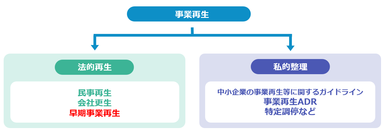 今回新設された早期事業再生は、主に民事再生や会社更生を行うべき段階に至っていない事業者が、早期に事業再生へ取り組むために利用することを想定したものです。
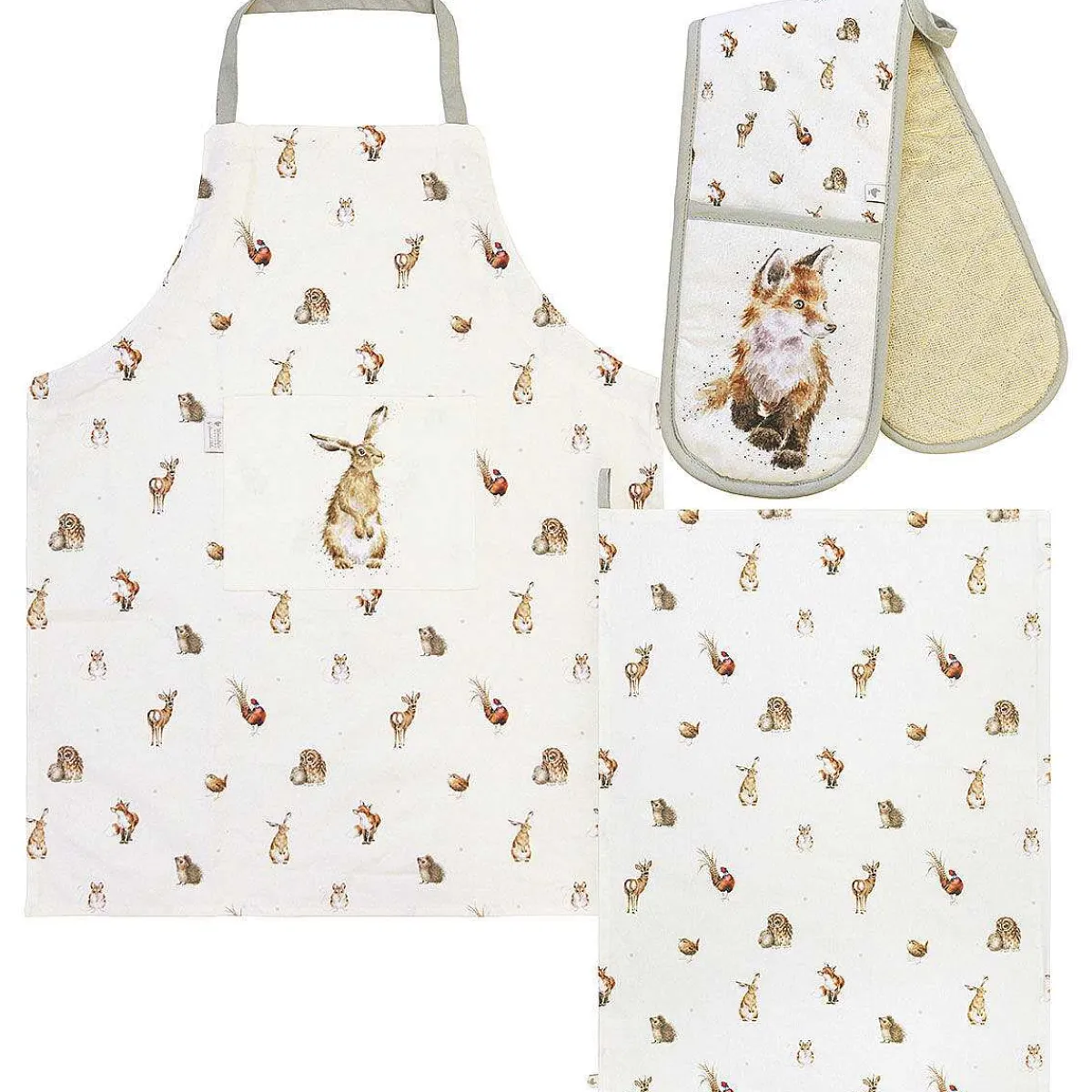 Wrendale Woodlanders Double Oven Glove, Tea Towel And Apron Set
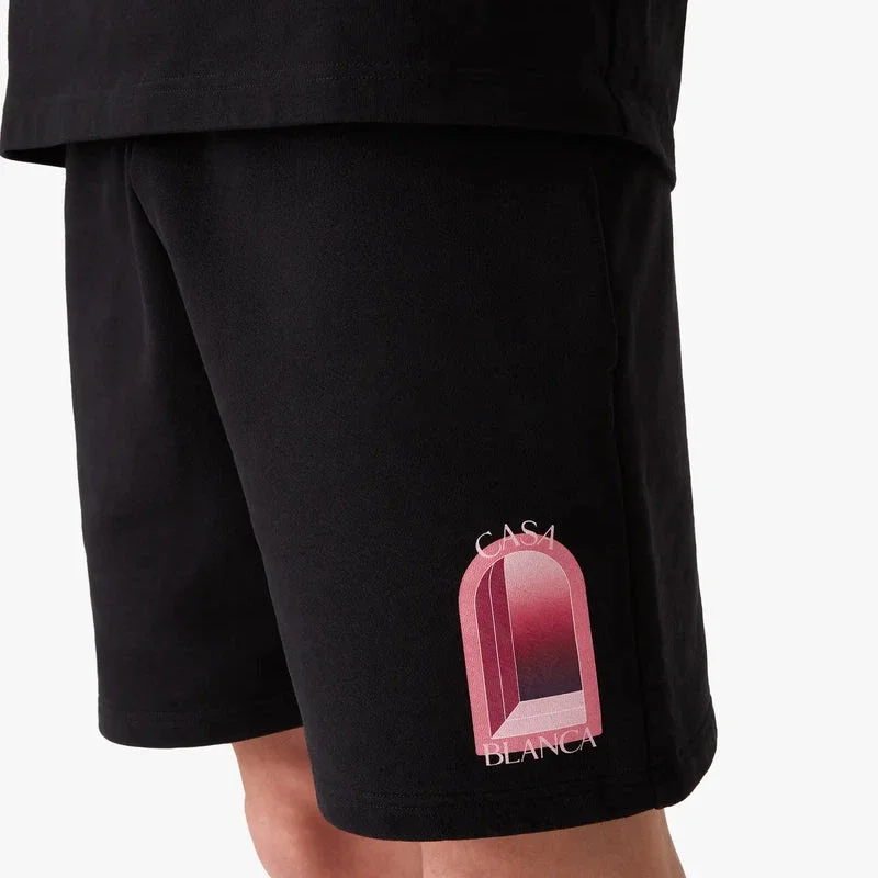 De svarta L’arche-sweatshortsen har en raffinerad design med ett signaturtryck av bågen, en abstrakt symbol för styrka. De kompletteras med en elastisk midjeresår, dragsko med guldspetsar, sidfickor och en påsydd bakficka.

* _Action item_
Skip the pictures, please, and transcribe only the lines from the beginning of the material through the one that contains "Wrendale Woodlanders Double".

* _Completed exercise_
 今回新設された早期事業再生は、主に民事再生や会社更生を行うべき段階に至っていない事業者が、早期に事業再生へ取り組むために利用することを想定したものです。
 Wrendale Woodlanders Double Oven Glove, Tea Towel And Apron Set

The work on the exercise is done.